Anyone who’s ever visited Planet Fitness knows about The Lunk Alarm. It is a literal siren on the wall that flashes and sounds if someone is caught intimidating or judging – ultimately drawing attention, disrupting workouts, and alerting gym staff to the intimidating and judgmental person. Can you think of a recent context where you’ve felt intimidated or judged? It may be at a church, within your workplace, or between you and another family member. In any of those contexts, imagine if a loud siren were triggered every time someone judged you (or you judged another). You won’t find a Lunk Alarm at our retreat center, but we hope you’ll encounter an environment free from judgment and open to understanding.
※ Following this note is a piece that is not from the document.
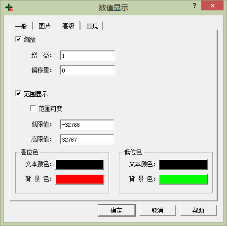 当选择了“范围可变”时,“低限值”和“高限值”由用户所输入的地址存储的数值决定。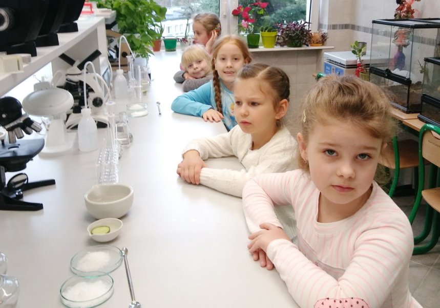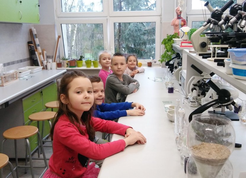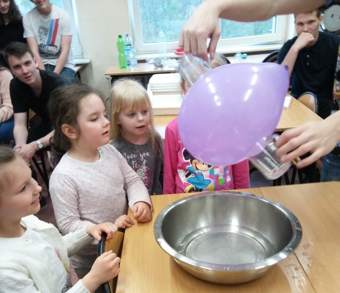 Przedszkolaki pod okiem wykwalifikowanej kadry pedagogicznej i uczniów, eksperymentowały, odkrywały, pogłębiały wiedzę w dobrze wyposażonych laboratoriach. Poznały niektóre właściwości wody i powietrza, pa rzerwę w zajęciach doświadczalnych spędziły, integrując się z młodzieżą na sali gimnastycznej podczas wspólnych zabaw.

We believe our work is to create an open door for you to be transformed in precisely the way you need to be. 

Recognize the warmth of a welcome without intimidation. In what relationship would you like to see the barrier of judgment melted into a generous embrace?
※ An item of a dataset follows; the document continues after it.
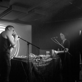 Zum Abschluss des Konzertabends folgte der Hauptgrund, das „Acud macht neu“ an jenem Abend zu besuchen: Dolina. Mit einer aufregenden Stimme zog uns Dolina sofort in ihren Bann. Obwohl auch hier viel Energie in das Drehen von Knöpfchen und das Drücken von Tasten einging und die stimmliche Präsenz nicht voll ausgelebt werden konnte. Normalerweise Kopf eines Trios, für jenen Auftritt aber nur zu zweit angereist, hatte die namensgebende Frontfrau alle Hände voll zu tun. Ein kleines elektronisches Schlaginstrument, welches leicht hallend reagierte und die phantasievollen Kompositionen waren eindrucksvoll und gingen unter die Haut. Kühle, melancholische Balladen, an die 80er Jahre anklingend, drangen wabernd in Ohre und Beine. Der gut gefüllte Raum zeigte sich begeistert.

Transactional hospitality misses the mark. 

Genuine hospitality is not a business transaction. It’s not about expecting something in return for the welcome extended. This obviously gets complicated for conference & retreat centers as guests pay to be here, yet our highest hope is always to prioritize the value of connection over any monetary exchange. As a mission-driven, non-profit organization, we rely heavily on donors and volunteers to subsidize the costs of all components of our retreats including facilities, food, amenities, grounds, and staffing. As a result, we charge our guests a fraction of the “total cost” to host them, so to speak. Additionally, later this year we’re launching a scholarship fund to further offset costs specifically for personal retreatants. Stay tuned for ways to contribute to (or benefit from) that fund! 
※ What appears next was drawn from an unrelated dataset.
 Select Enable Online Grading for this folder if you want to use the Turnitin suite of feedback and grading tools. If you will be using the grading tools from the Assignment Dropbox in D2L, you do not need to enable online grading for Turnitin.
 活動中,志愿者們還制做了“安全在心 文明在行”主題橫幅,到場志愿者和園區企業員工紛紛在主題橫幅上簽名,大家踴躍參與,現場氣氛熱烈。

In your own life, reflect on a transactional relationship guided by some exchange compared to a rich connection that regularly transcends the material. How do they compare? What is the currency of hospitality?


Mount Olivet Conference & Retreat Center strives to be an environment where groups and individuals can find connection and renewal without the burden of coercion, conditions, transactions, or judgment. Compelled by the true spirit of hospitality, we look forward to welcoming all who seek a space of love, understanding, and openness. 

How do you think about what hospitality is and isn’t? We look forward to reading your reflections in the comments below! 



  1. Holly Widen says:

    Good morning Jeremy,
    Thank you so very much for your words of wisdom. Such thoughtful, inspiring, encouraging, helpful, compassionate, meaningful and spiritual comments.
    Well done !
    I am so very grateful for all that you and the entire staff do to make our Retreat Center a place of genuine hospitality.
    I am excited and looking forward to our Women’s Retreat. See you soon ,
    Thanks again,
    Holly Widen

  2. kent busman says:

    As the director of said “funky, hippie, Jesus camp in upstate NY” I would simply like to add that Jesus modeled for us wonderful ways to live into the sort of radical hospitality that Jeremy writes about. It’s a big challenge to welcome “the other” in ways that hold them as dear as your own understandings of the world, etc. There is no ‘right’ way to do this, just a lot of wrong ways. Oh, and I might add, how hospitable we are to the world around us often is a good metric to how hospitable we are going to be to each other.

  3. Jeremy Bork says:

    Precisely! Thanks for this reminder. 🙏

  4. Karen Johnson says:

    I am most inspired in the sharing of Hospitality focus @ MOCRC, learning of its opportunities to experience its gift, as well as what it is not! Hospitality was key in ministry of Jesus, bringing his message to others in his travels. I’ve kept that focus in my forefront- now reflecting on my life experiences-my birth family, raising our family, volunteer work/church/other, employment, travel, etc., with opportunities to meet/greet/know one another with a genuine interest in their very being, to inquire, listen with enjoyment of their lives, all playing a role in values exemplified @ MOCRC!